→ **How to complete this task**
Begin at the line containing "According to the" and copy exactly through the last line of the listing, skipping every picture.

→ **Entries shown**
- - - - - - -

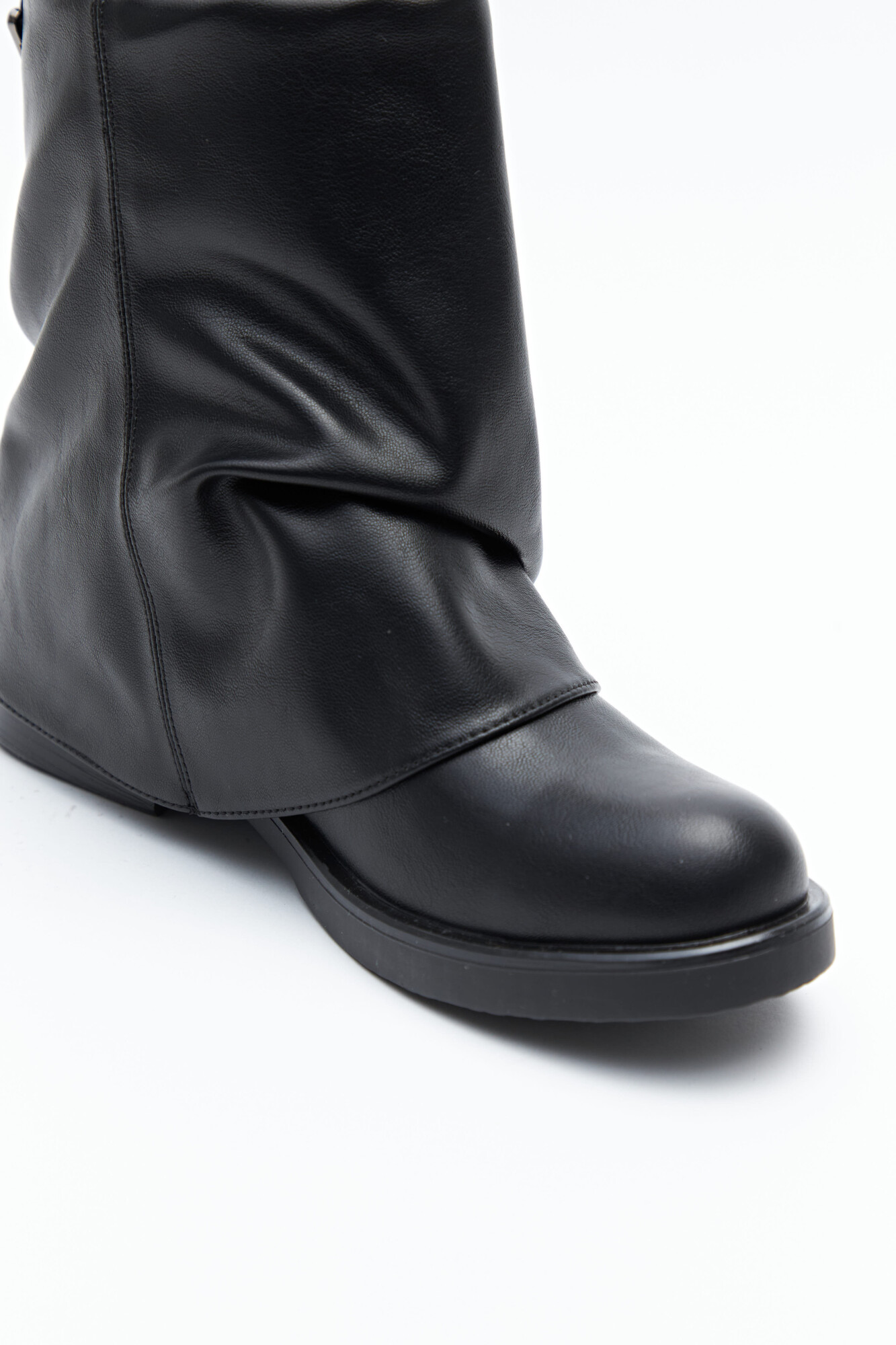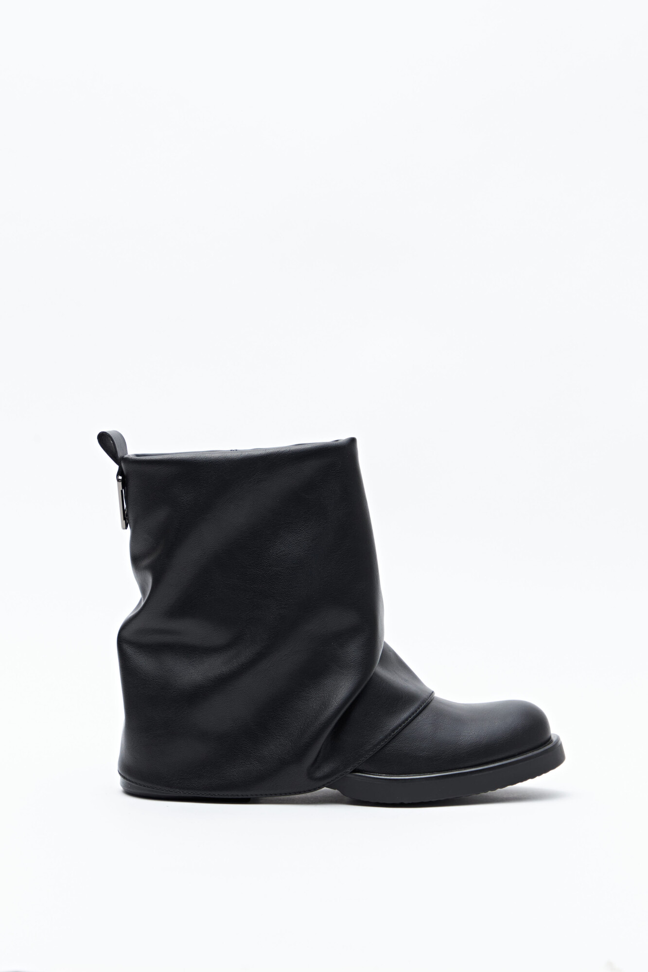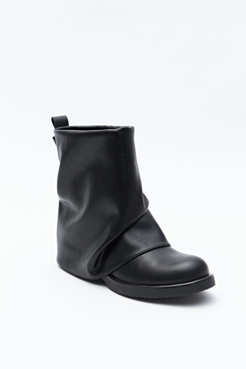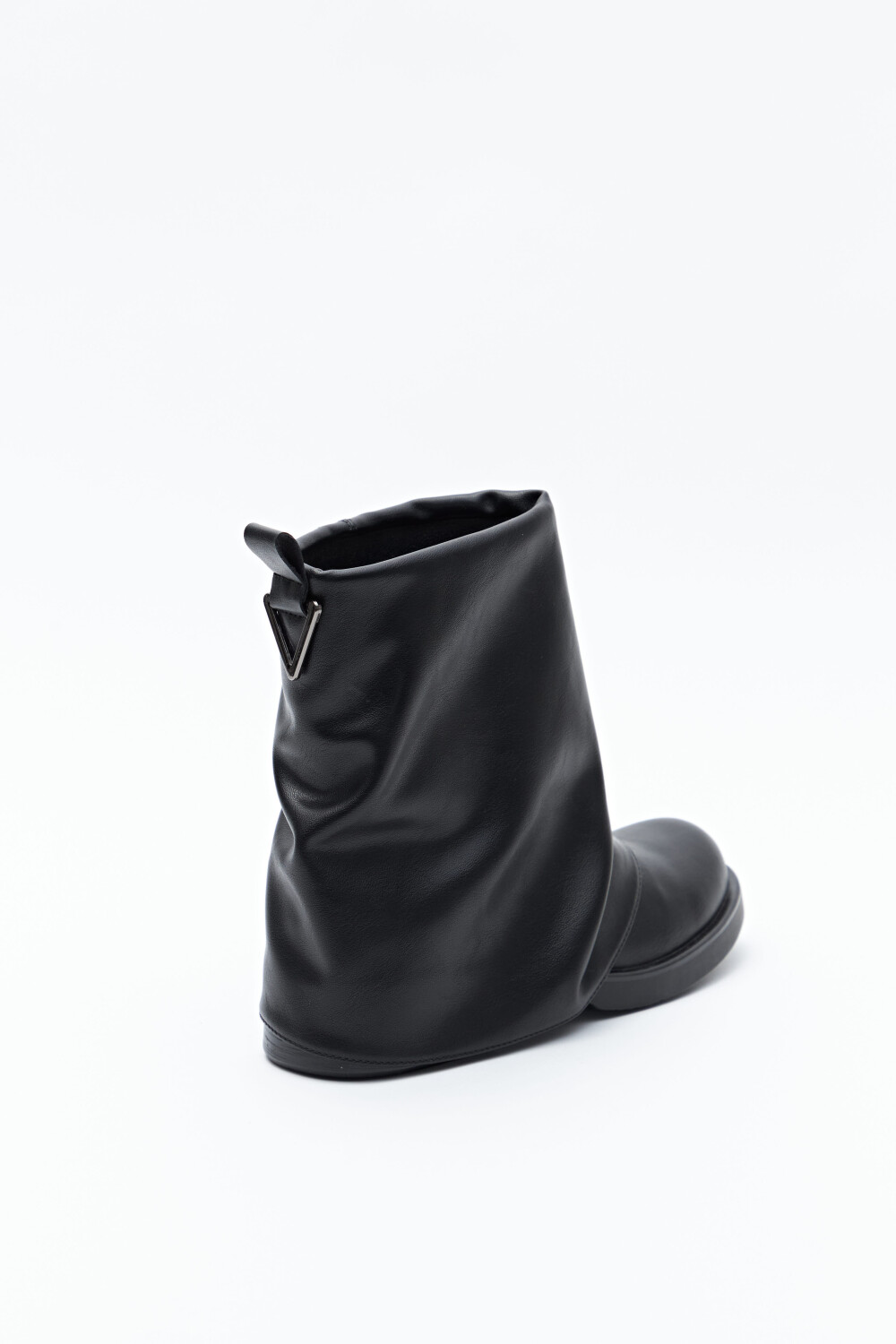 Bota de caña baja de diseño minimal, confeccionada en poliuretano de acabado liso y estructura flexible que genera un efecto levemente fruncido. Presenta puntera redondeada, base baja y detalle metálico sutil en la caña que suma carácter sin recargar. En línea con las tendencias de calzado 2026, las siluetas relajadas, limpias y con herrajes discretos se consolidan como piezas clave del guardarropa urbano, ideales para elevar cualquier look.
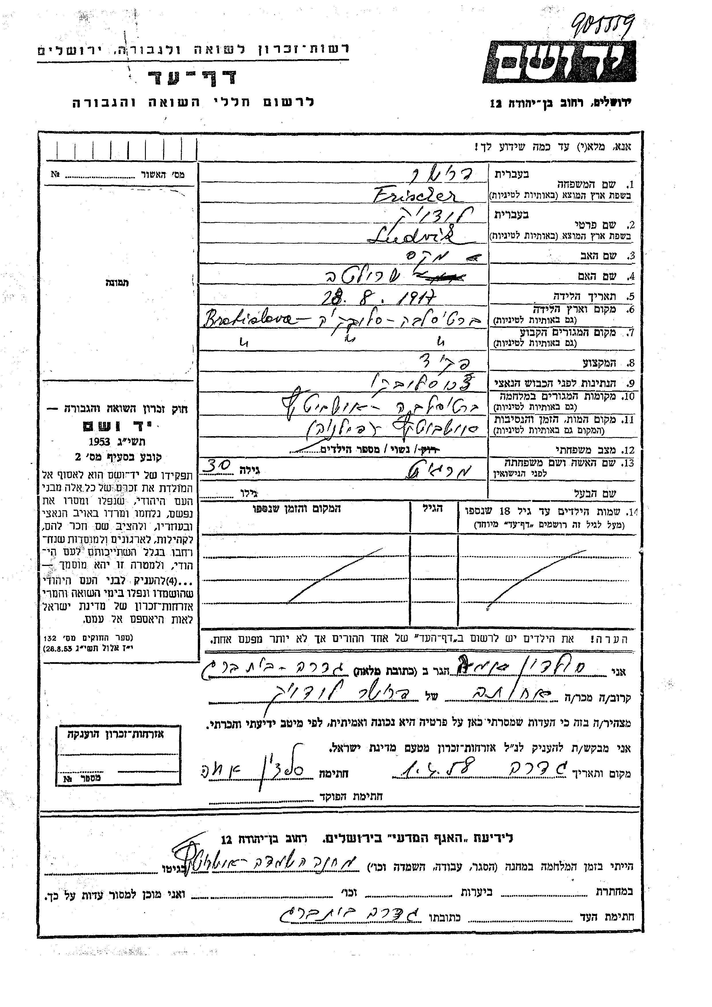 Ludwik Frischer was born in Bratislava, Czechoslovakia, 1917 to Max and Sharolta. He was a clerk and married to Margit. Prior to WWII he lived in Bratislava, Czechoslovakia. During the war he was in Auschwitz, Poland.
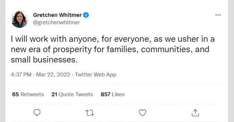 Gov. Gretchen Whitmer tweeted March 22: “I will work with anyone, for everyone, as we usher in a new era of prosperity for families, communities, and small businesses.”
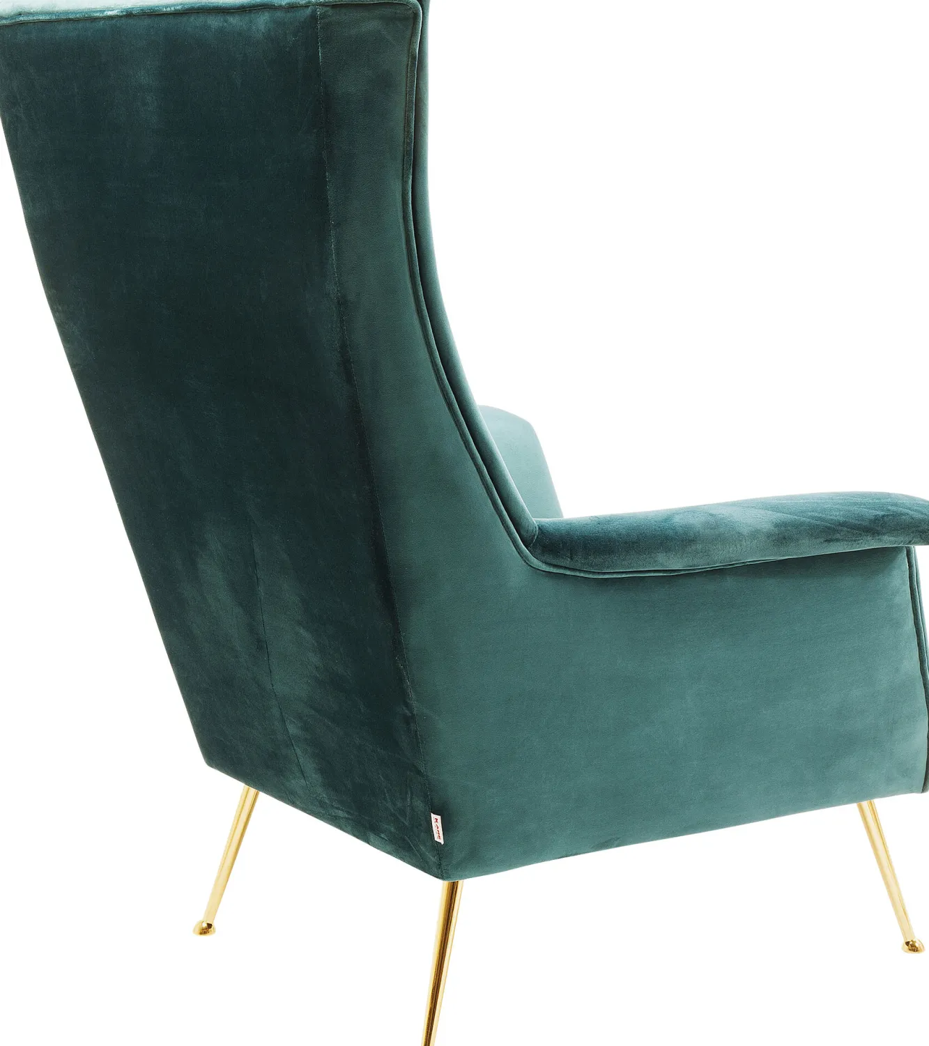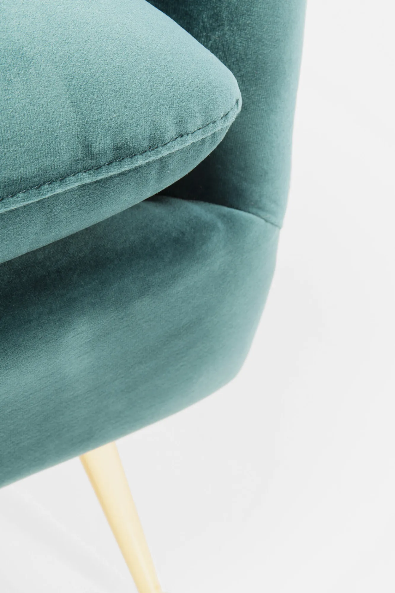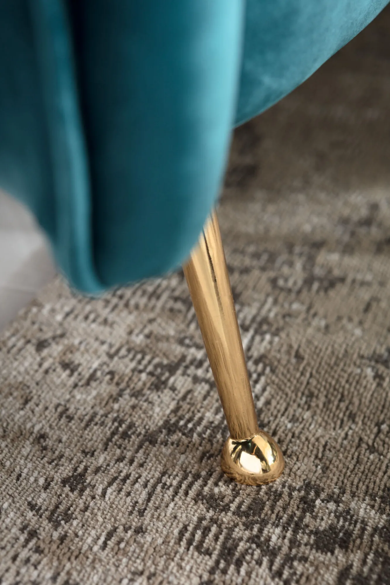 Nowoczesny tapicerowany fotel w stylu glamour Vegas Forever dostępny jest w kilku wariantach kolorystycznych – tutaj fotel welurowy turkusowy na złotych nóżkach.
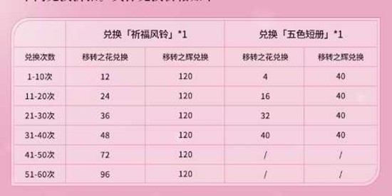 所需道具可通过移转之辉或移转之花兑换,具体兑换价格随次数递增。
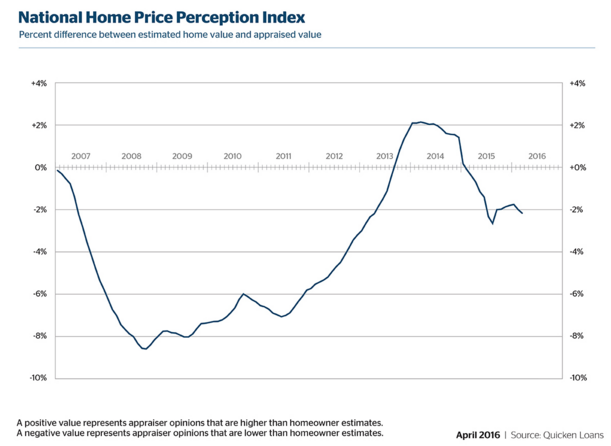 According to the recent Home Price Perception Index released by Quicken Loans, the average appraised values in March were 2.17% lower than what homeowners think their homes are valued.
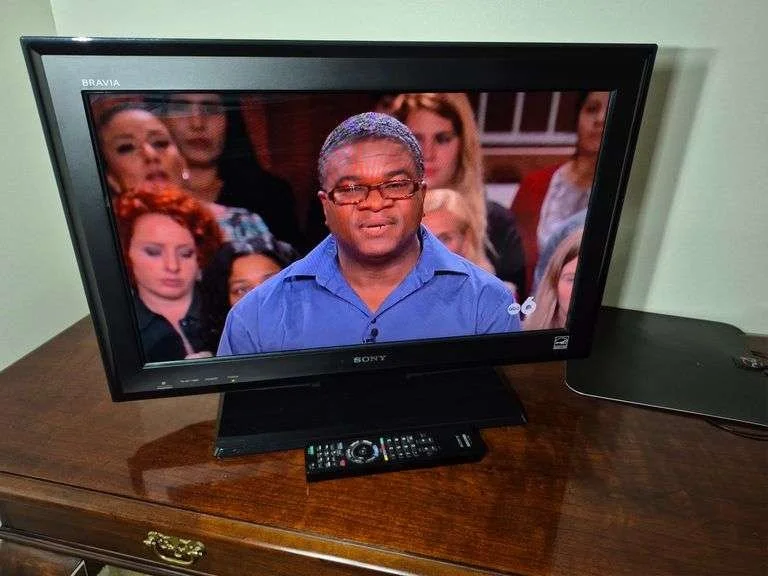 6095 Sony 40 inch TV with remote, manual, and antenna
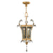 Lantern in a warm muted gold leaf finish featuring beveled crystal accents.

- - - - - - -

→ **Response to the task**
 According to the recent Home Price Perception Index released by Quicken Loans, the average appraised values in March were 2.17% lower than what homeowners think their homes are valued.
 6095 Sony 40 inch TV with remote, manual, and antenna
 Lantern in a warm muted gold leaf finish featuring beveled crystal accents.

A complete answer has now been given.